Famous American Women Authors
Each and every one of these women is included because she is noteworthy - a cutting-edge artist or writer, a revolutionary who is upending her community's and the world's limited notions of what a Muslim woman is capable of doing, a pioneer fighting for women's and girls' rights.
As a way of recognizing the many contributions these women are making, I wanted to highlight a handful of these women in a two-part series - this first blog devoted to North American Muslim women, and a second upcoming blog celebrating Muslim women from other parts of the world.
In this snapshot of our exhibition of North American Muslim women, you'll find a diverse group of women who've been able to move beyond the belittling stereotypes about Muslim women and are, instead, using their personal relationship to their faith in a positive way to actually shift the national conversation about Islam. In the process, they are transforming the world in fresh and exhilarating ways.
1. The daughter of influential Muslim American leader Malcolm X, Ilyasah Shabazz is an activist, motivational speaker, and author of the critically acclaimed autobiography Growing Up X. She produces The WAKE-UP Tour™, her exclusive youth empowerment program to mentor students throughout the country, and she participates in international humanitarian delegations. Her goal is to "empower future generations through understanding the world's diverse cultures and historic civilizations."

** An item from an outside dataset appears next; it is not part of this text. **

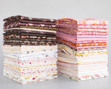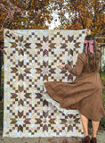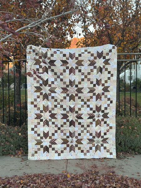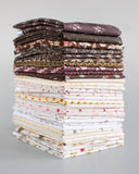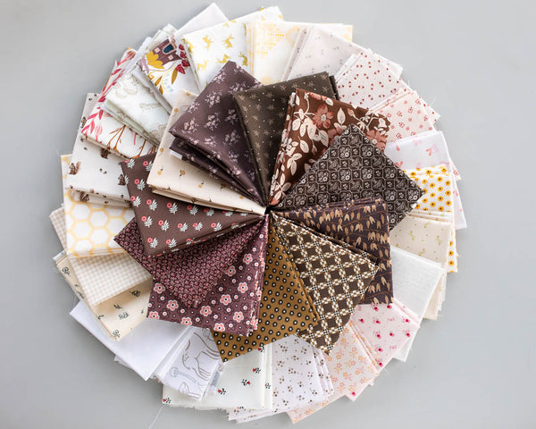 This Quilt Kit comes with 24 fat quarters of low volume and 10 fat quarters of chocolate-colored fabric and a full-color illustrated paper pattern. Fabrics will be similar but will include different prints from the pictured quilt (see bundle picture for prints). This kit includes everything you need to make the scrappy, patchwork top for this beautiful cinnamon-colored twin quilt.

2. Farah Pandith was appointed Special Representative to Muslim Communities in June 2009. Her office is responsible for executing the Secretary of State's vision for engagement with Muslims around the world on a people-to-people and organizational level. She reports directly to the Secretary of State. Pandith says she wants "to see young women who happen to be Muslim ... push back against stereotypes, to tell their stories in their real voices, to create alternative narratives in every way possible - because when you flood the marketplace with alternatives, the conversation will begin to change."
3. Laleh Bakhtiar is the first American woman to translate the Quran into English and the first woman to present a critical translation of the Quran in any language. She says, "The veil is the wrong thing to be stuck on when discussing Muslim women's rights in Islam. In fact, in many cases, the Quran reinforces a Muslim woman's self-esteem. And Muslim women worldwide are using the Quran to reassert their rights - rights that have been taken away from them through patriarchal interpretations and laws."
4. Dalia Mogahed has spent years extensively researching the real lives of Muslims around the world in her former job as Executive Director of the Gallup Center for Muslim Studies, a think tank and consultancy that offers evidence-based advice on Muslim societies around the world. President Barack Obama appointed Mogahed to the President's Advisory Council on Faith-Based and Neighborhood Partnerships. She says, "Muslim Americans helped thwart the majority of foiled al-Qaeda inspired terrorist plots in America. Rather than bearing collective guilt for Al-Qaeda inspired terrorism, the Muslim American community is its most formidable adversary."